■ ABOUT THIS TASK: Everything from the line with "WEAVING LOOM PDC" down to the line with "Lower Division were" below must be printed exactly, those two lines included. Exclude pictures.

RECORDS FOR THE EXERCISE Block Start

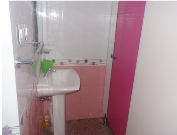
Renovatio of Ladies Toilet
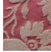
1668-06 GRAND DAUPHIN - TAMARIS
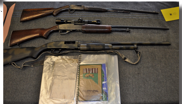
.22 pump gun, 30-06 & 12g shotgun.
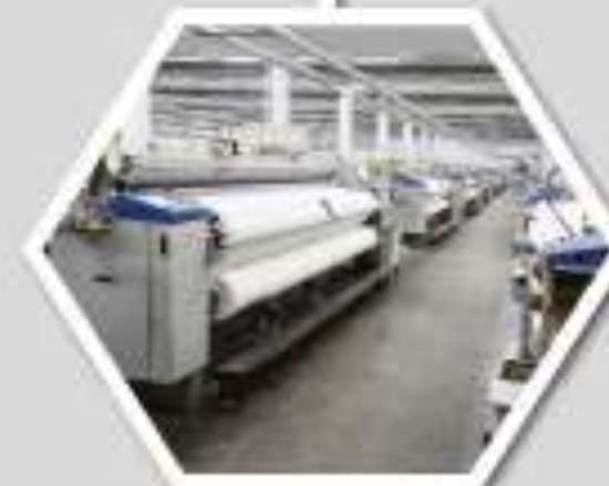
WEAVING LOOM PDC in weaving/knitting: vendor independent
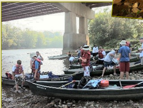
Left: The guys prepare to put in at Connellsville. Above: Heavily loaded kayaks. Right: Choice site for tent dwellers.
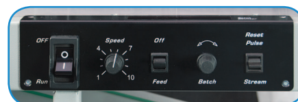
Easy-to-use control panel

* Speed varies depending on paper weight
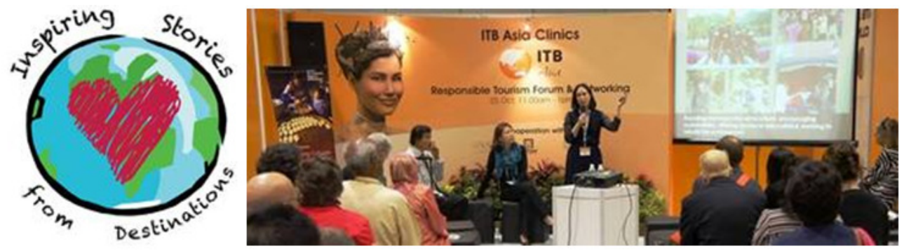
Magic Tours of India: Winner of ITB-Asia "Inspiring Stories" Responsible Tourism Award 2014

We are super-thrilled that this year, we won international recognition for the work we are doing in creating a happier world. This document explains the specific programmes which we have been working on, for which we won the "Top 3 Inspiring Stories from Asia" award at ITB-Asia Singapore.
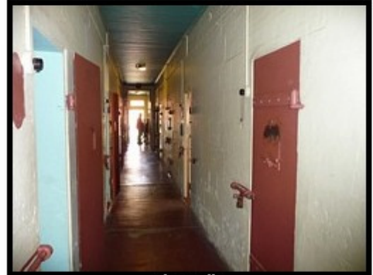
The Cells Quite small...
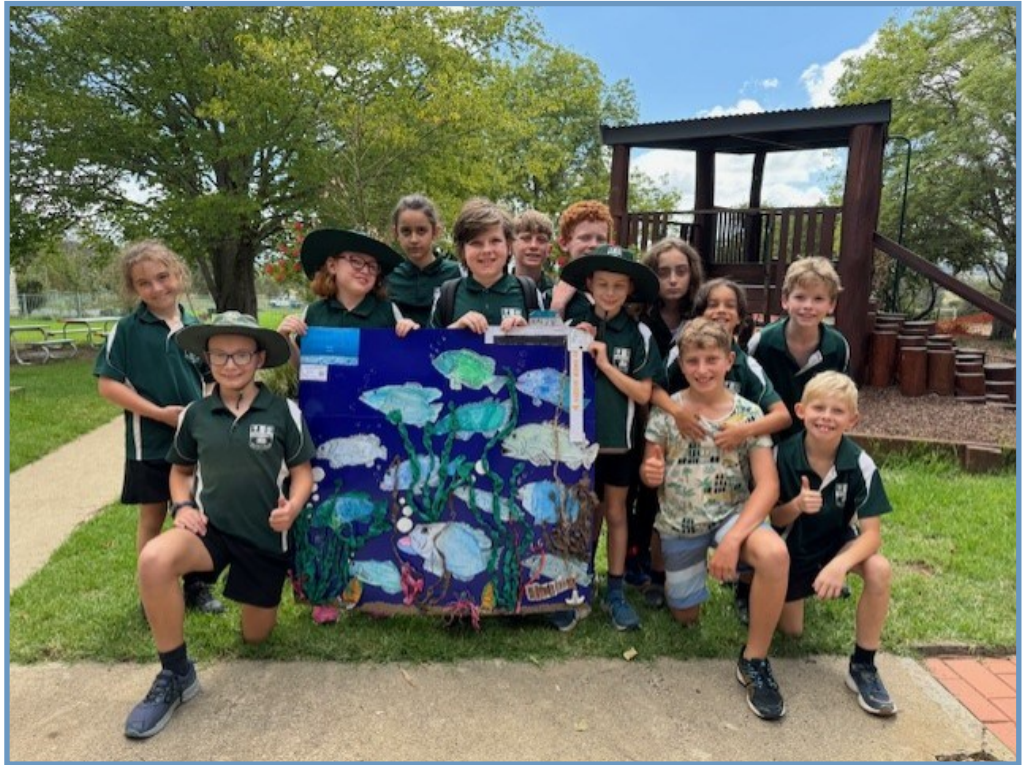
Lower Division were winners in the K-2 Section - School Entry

RECORDS FOR THE EXERCISE Block End
RECORDS FOR THE EXERCISE Block Start

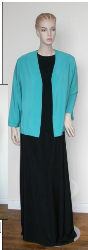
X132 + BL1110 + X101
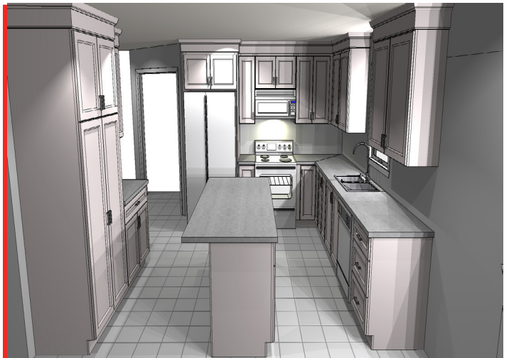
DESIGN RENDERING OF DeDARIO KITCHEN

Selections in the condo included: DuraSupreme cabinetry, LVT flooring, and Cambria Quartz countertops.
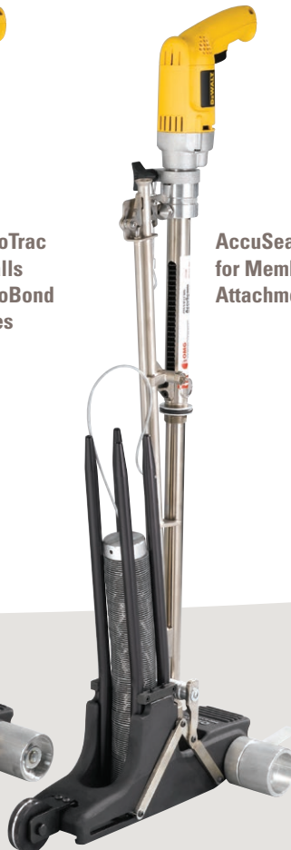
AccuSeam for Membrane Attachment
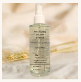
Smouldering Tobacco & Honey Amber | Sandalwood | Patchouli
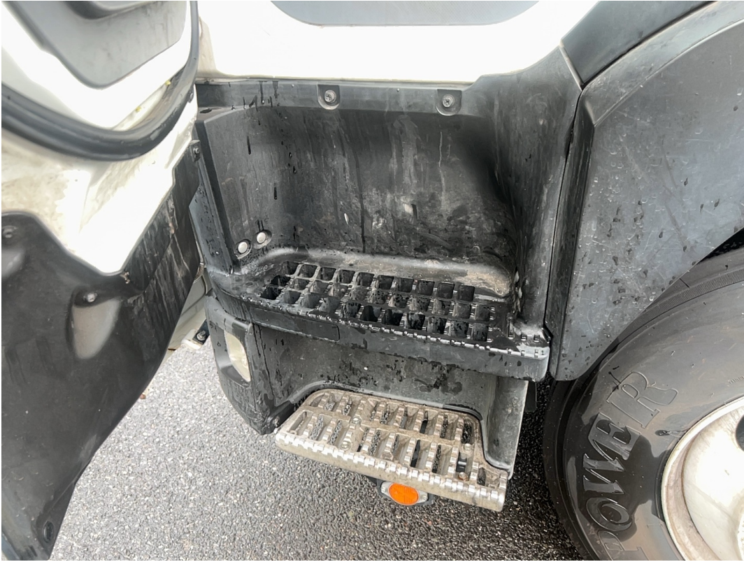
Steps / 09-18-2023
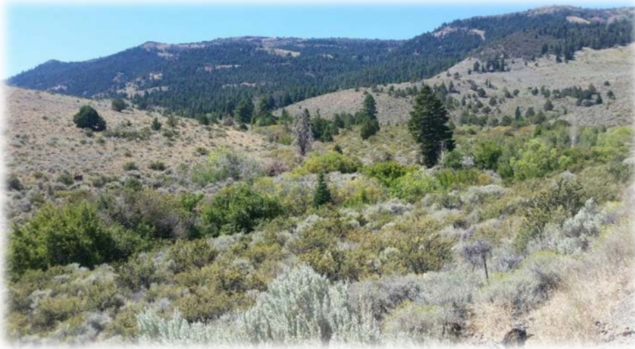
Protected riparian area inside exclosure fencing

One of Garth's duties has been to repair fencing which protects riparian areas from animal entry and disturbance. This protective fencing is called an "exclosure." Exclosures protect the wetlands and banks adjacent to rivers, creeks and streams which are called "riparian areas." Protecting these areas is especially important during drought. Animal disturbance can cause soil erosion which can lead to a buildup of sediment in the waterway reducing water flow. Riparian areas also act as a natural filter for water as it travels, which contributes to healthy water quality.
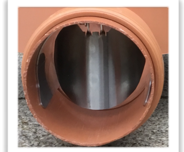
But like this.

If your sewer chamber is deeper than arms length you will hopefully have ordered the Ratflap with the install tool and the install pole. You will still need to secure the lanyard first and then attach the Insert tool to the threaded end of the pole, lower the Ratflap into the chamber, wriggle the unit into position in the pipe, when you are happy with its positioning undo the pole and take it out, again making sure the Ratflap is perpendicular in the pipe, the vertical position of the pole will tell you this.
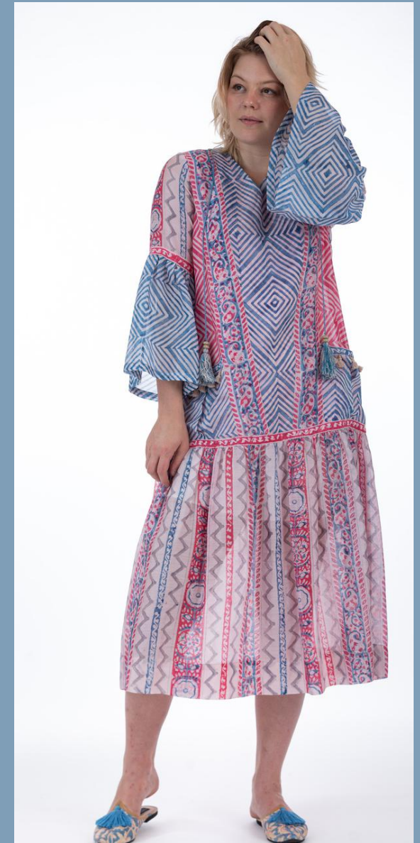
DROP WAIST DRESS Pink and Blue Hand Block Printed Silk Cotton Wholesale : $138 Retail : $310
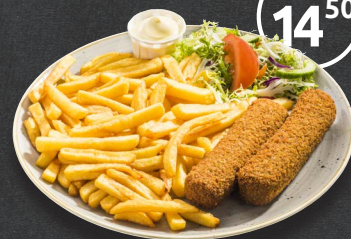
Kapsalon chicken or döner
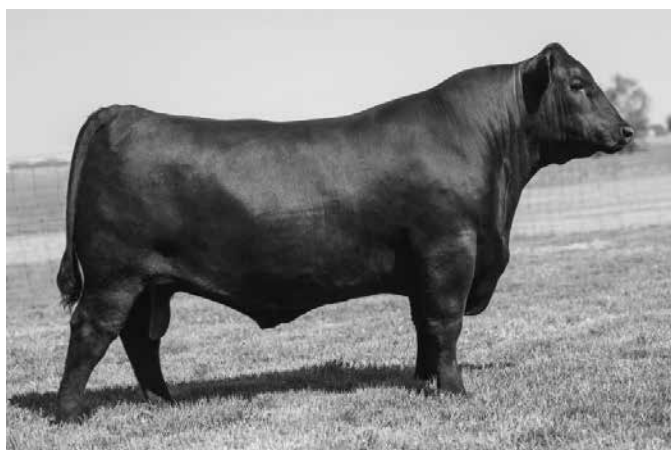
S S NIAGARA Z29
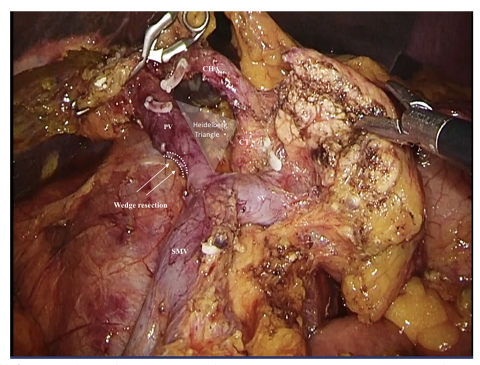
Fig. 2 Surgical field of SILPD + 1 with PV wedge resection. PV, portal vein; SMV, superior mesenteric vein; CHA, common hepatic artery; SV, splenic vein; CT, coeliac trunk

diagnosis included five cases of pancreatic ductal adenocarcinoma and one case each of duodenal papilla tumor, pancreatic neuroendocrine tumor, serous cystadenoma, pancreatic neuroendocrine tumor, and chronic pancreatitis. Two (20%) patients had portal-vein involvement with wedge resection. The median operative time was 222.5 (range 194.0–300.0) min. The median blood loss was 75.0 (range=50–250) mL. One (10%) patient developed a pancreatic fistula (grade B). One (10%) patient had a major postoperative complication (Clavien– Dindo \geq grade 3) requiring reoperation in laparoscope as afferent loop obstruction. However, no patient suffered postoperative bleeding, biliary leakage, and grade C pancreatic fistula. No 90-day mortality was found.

RECORDS FOR THE EXERCISE Block End
RECORDS FOR THE EXERCISE Block Start

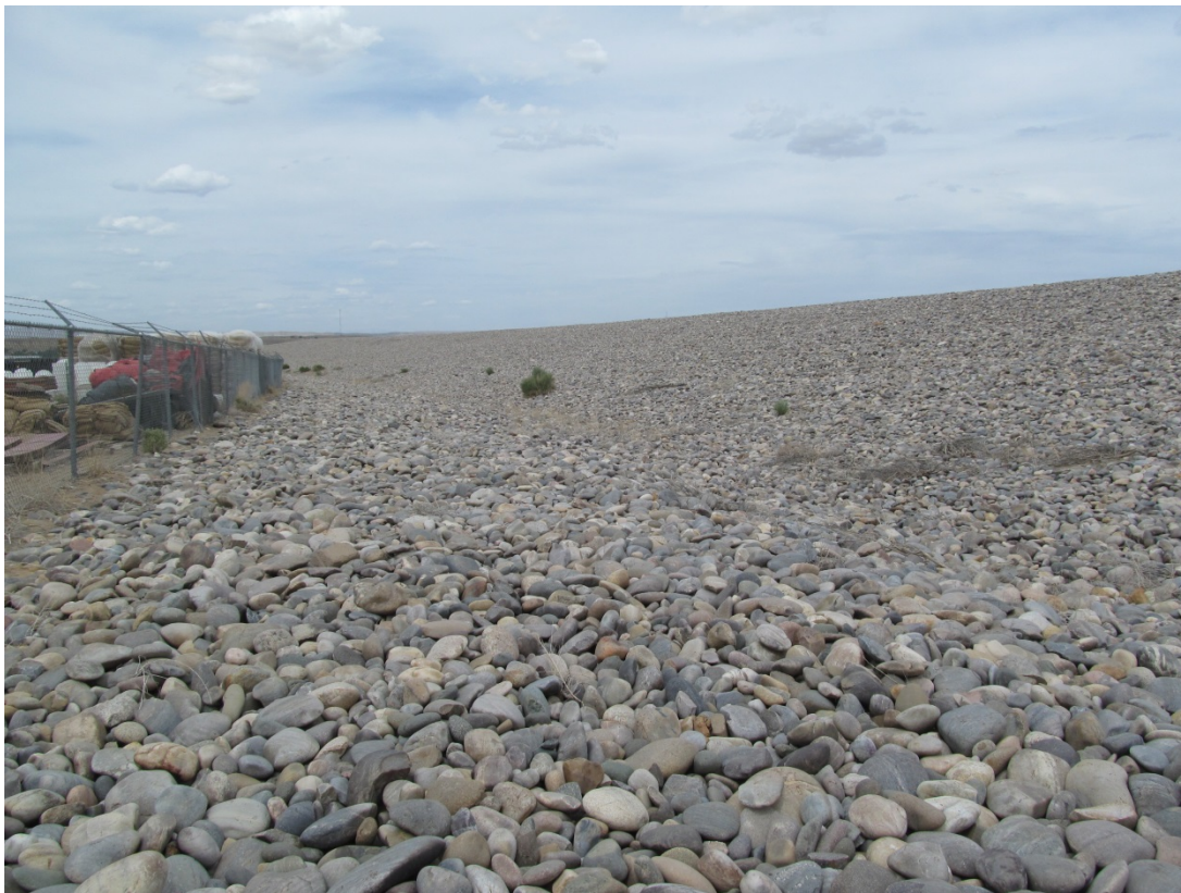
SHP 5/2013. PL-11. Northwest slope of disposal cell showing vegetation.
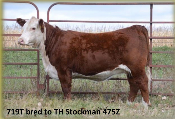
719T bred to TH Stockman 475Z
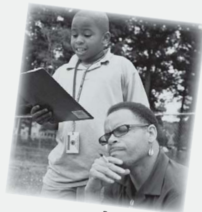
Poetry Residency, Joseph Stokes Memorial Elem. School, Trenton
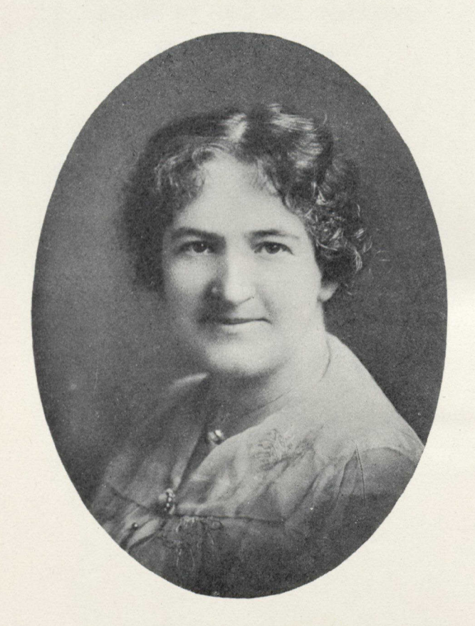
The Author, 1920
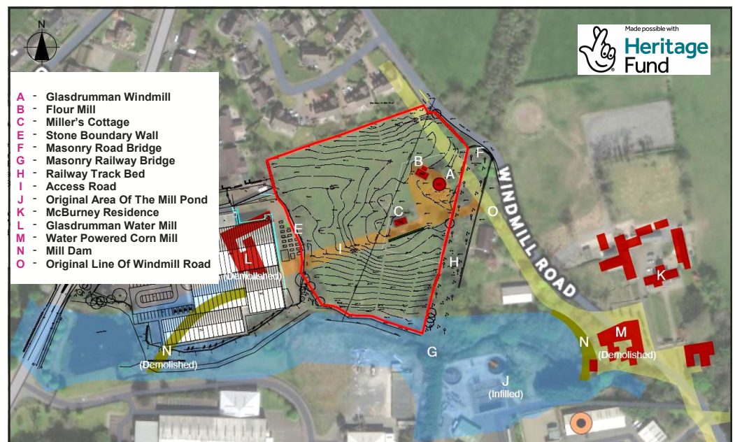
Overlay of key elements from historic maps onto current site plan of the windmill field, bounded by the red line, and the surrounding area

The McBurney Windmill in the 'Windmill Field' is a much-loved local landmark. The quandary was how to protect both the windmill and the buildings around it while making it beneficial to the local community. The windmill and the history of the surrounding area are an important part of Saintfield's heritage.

RECORDS FOR THE EXERCISE Block End

■ SOLUTION:
WEAVING LOOM PDC in weaving/knitting: vendor independent
Left: The guys prepare to put in at Connellsville. Above: Heavily loaded kayaks. Right: Choice site for tent dwellers.
Easy-to-use control panel

* Speed varies depending on paper weight
Magic Tours of India: Winner of ITB-Asia "Inspiring Stories" Responsible Tourism Award 2014

We are super-thrilled that this year, we won international recognition for the work we are doing in creating a happier world. This document explains the specific programmes which we have been working on, for which we won the "Top 3 Inspiring Stories from Asia" award at ITB-Asia Singapore.
The Cells Quite small...
Lower Division were winners in the K-2 Section - School Entry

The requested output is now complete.